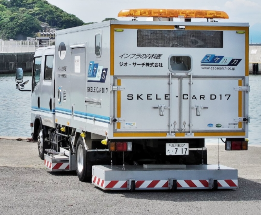 このトラック「スケルカー」は、荷台の底の面、地表から10センチくらいの位置に、地面と平行にマイクロ波を出す装置がついていて、マイクロ波を照射しながら、その反射で空洞を探し当てます。同じ空洞でも水道管などは、連続して反射があるから空洞ではない、と除外していきます。同時に、GPSで位置情報も取っているので、空洞の場所を、地上の景色と連動させてピンポイントで判別できるんです。
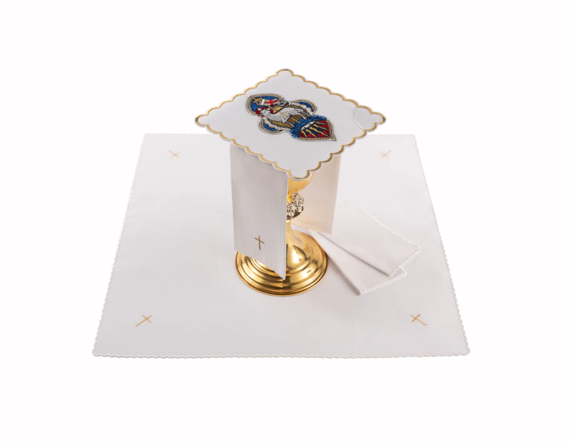 Komplet kielichowy, bielizna kielichowa z motywem maryjnym
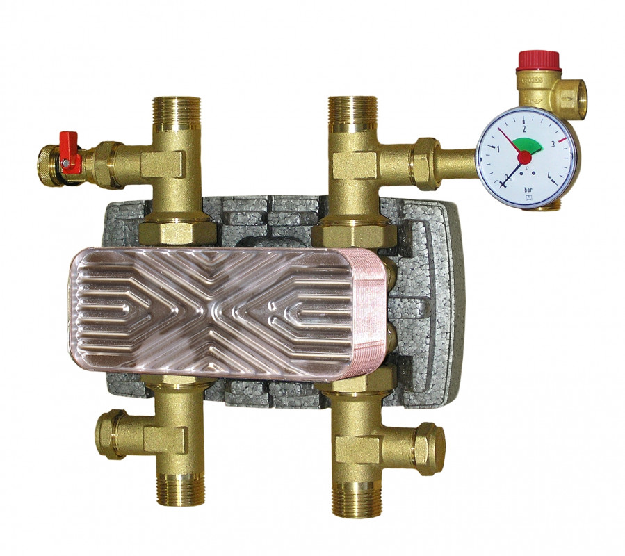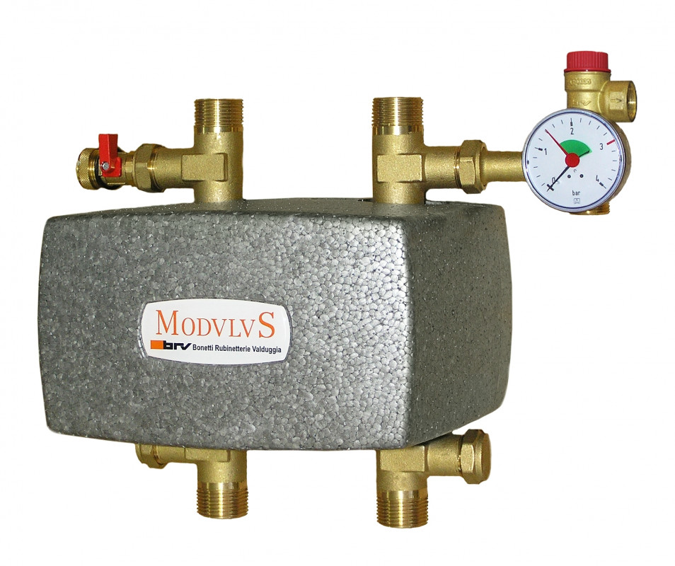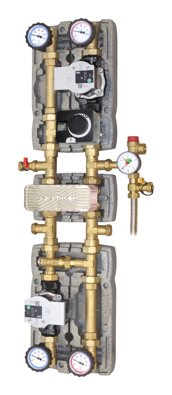 Modulo di scambio termico isolato per circuiti idraulici, in ottone stampato.
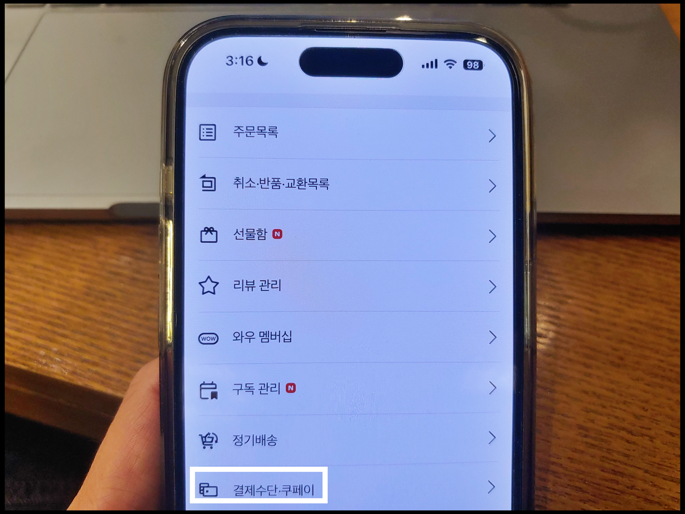 -결제수단/쿠페이 메뉴에서 카드 등록(아이폰14/15 때는 국민, 농협, 롯데, BC, 삼성, 신한, 하나카드 적용)

━━━━━━━━━━

**Task description**. The line containing "Komplet kielichowy, bielizna" marks the end; please output exactly the lines of the listing above from its first line through that line, without pictures.

**Result for this exercise**.
 このトラック「スケルカー」は、荷台の底の面、地表から10センチくらいの位置に、地面と平行にマイクロ波を出す装置がついていて、マイクロ波を照射しながら、その反射で空洞を探し当てます。同じ空洞でも水道管などは、連続して反射があるから空洞ではない、と除外していきます。同時に、GPSで位置情報も取っているので、空洞の場所を、地上の景色と連動させてピンポイントで判別できるんです。
 Komplet kielichowy, bielizna kielichowa z motywem maryjnym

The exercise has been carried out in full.